Monday, March 16

Caution!  I'm giving you fair  warning!Links on this page will lead you to Adult material!

Bill Gates died in a car accident. He found himself in Purgatory being evaluated by God.  "Well, Bill, I'm really confused on this call.  I'm not sure whether to send you to Heaven or Hell." said God.  "After all, you enormously helped society by putting a computer in almost every home in the world and yet you created that ghastly Windows operating system.  I'm going to do something I've never done before.  In your case, I'm going to let you decide where you want to go!"

Bill replied, "Thanks a lot God.  What's the difference between the two?"

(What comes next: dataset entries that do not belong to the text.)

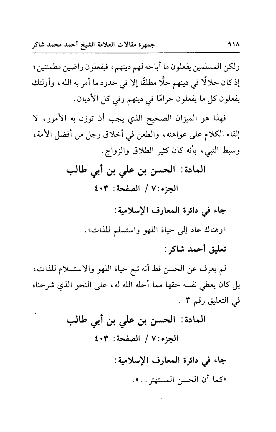 فهذا هو الميزان الصحيح الذي يجب أن توزن به الأمور، لا إلقاء الكلام على عواهنه، والطعن في أخلاق رجل من أفضل الأمة، وسبط النبي، بأنه كان كثير الطلاق والزواج.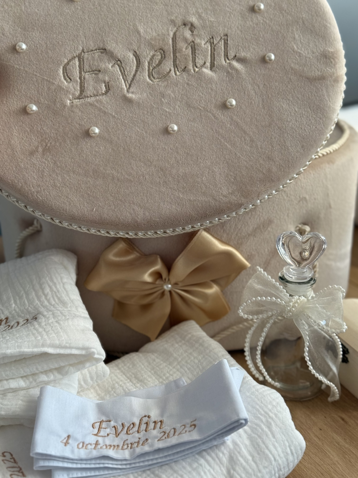 - Cutiuta din lemn pentru șuvița. Aceasta este necesara pentru a pastra suvita bebelusului la tunderea parului – pruncul este tuns in numele Sfintei Treimi – un ritual care simbolizeaza intrarea trupeasca in randul Bisericii.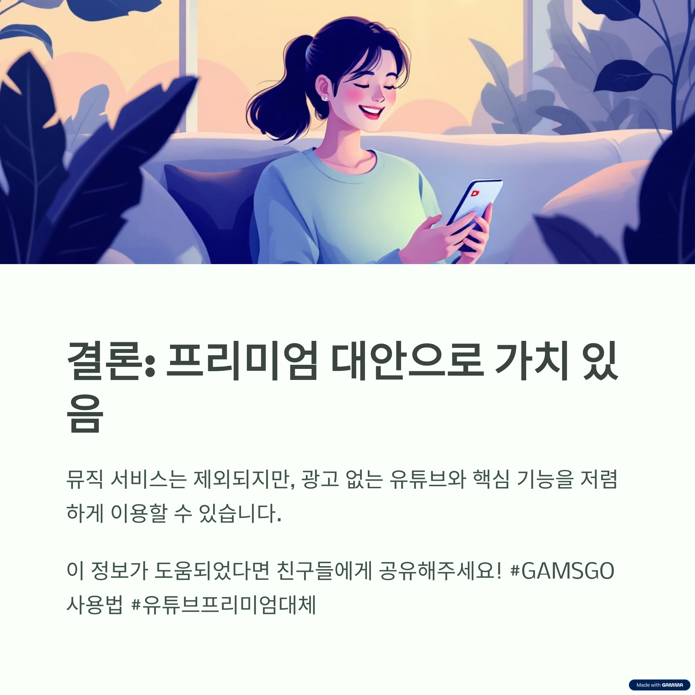 GAMSGO는 유튜브 프리미엄의 일부 기능을 우회 제공하는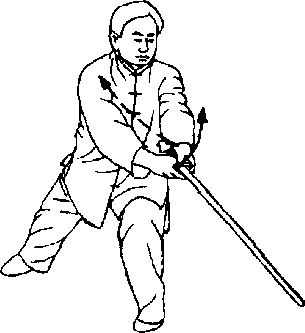 左下方刺剑。剑尖朝左前下方,目视剑尖。(身朝东南)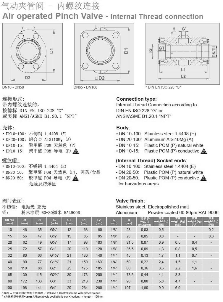 該款氣動(dòng)夾管閥只有內(nèi)襯套和兩個(gè)套管位于介質(zhì)流中(和工作介質(zhì)相接觸)。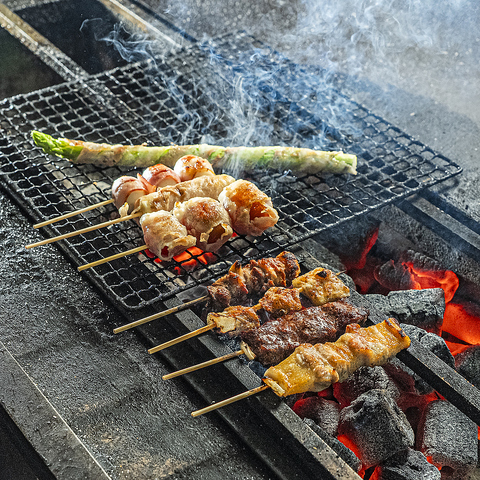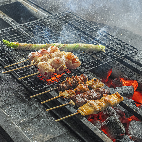 定番の焼き鳥はもちろん女性やお子様に人気の「チーズ巻」「トマト豚巻」「アスパラ巻」などなど◎巻串も種類豊富にご用意しております!!1つ1つのネタが多きく、炭火でじっくり焼き上げる最高の一品です★是非お気に入りの一本を見つけてみてくださいね。巻物串は275円(税込)~ご用意しております!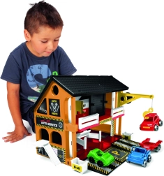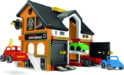 Stavebnica je vybavená troma autíčkami, rampami a 34 nálepkami pre vlastnú ozdobu dielne. Vďaka ľahko spojiťeľným prvkom je montáž jednoduchá a trvácna, čo zaisťuje bezpečnú a ničím nerušiacu zábavu. Herná zostava rozvíja nielen detskú fantáziu a vizuálno-priestorovú inteligenciu, ale aj psychomotorické funkcie a manuálnu zručnosť.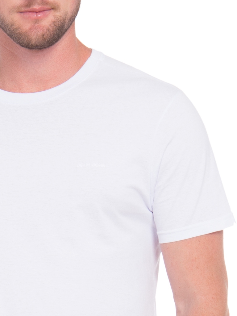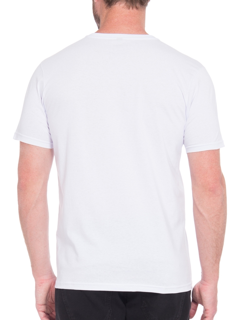 t-shirt preta é confeccionada em malha de algodão. A peça possui gola careca com acabamento canelado, mangas curtas, estampa  em cor contrastante na parte frontal e posterior, shape solto, caimento reto e acabamento pespontado.

God said, "I'm willing to let you visit both places briefly if it will help you make a decision."

Bill said, "
OK, then, let me visit Hell first." God sent Bill to Hell.  It was a beautiful place with clean, swimming pools and beaches with clear water.  There were thousands of beautiful women running around, playing in the water, laughing and frolicking.  The sun was shining and the temperature was perfect.

Bill was surprised and said, "This is great!  If this is Hell, I can't wait to see what Heaven looks like." 
God sent Bill to Heaven.  It was a high place in the clouds, with angels drifting about playing harps and singing.   There was plenty of food to eat.  It was nice but not as alluring as Hell.

Bill thought for a minute and made his decision.  "I think I prefer Hell" he told God.

"Fine," responded God, "as you desire."  Bill Gates was sent permanently to Hell.

Two weeks later, God decided to check up on the late billionaire to see how he was doing in Hell.  When God arrived in Hell, he found Bill shackled to a wall, screaming among hot flames in a dark cave. 
He was being burned and tortured by demons.   "How's everything going, Bill?" God asked.

With a voice full of anguish and disappointment, Bill responded, "This is awful!   It's not what I expected.  I can't believe this happened.  Where is that other place with the swimming pool and the beautiful women playing in the water?"

God calmly replied, "That was the screen saver."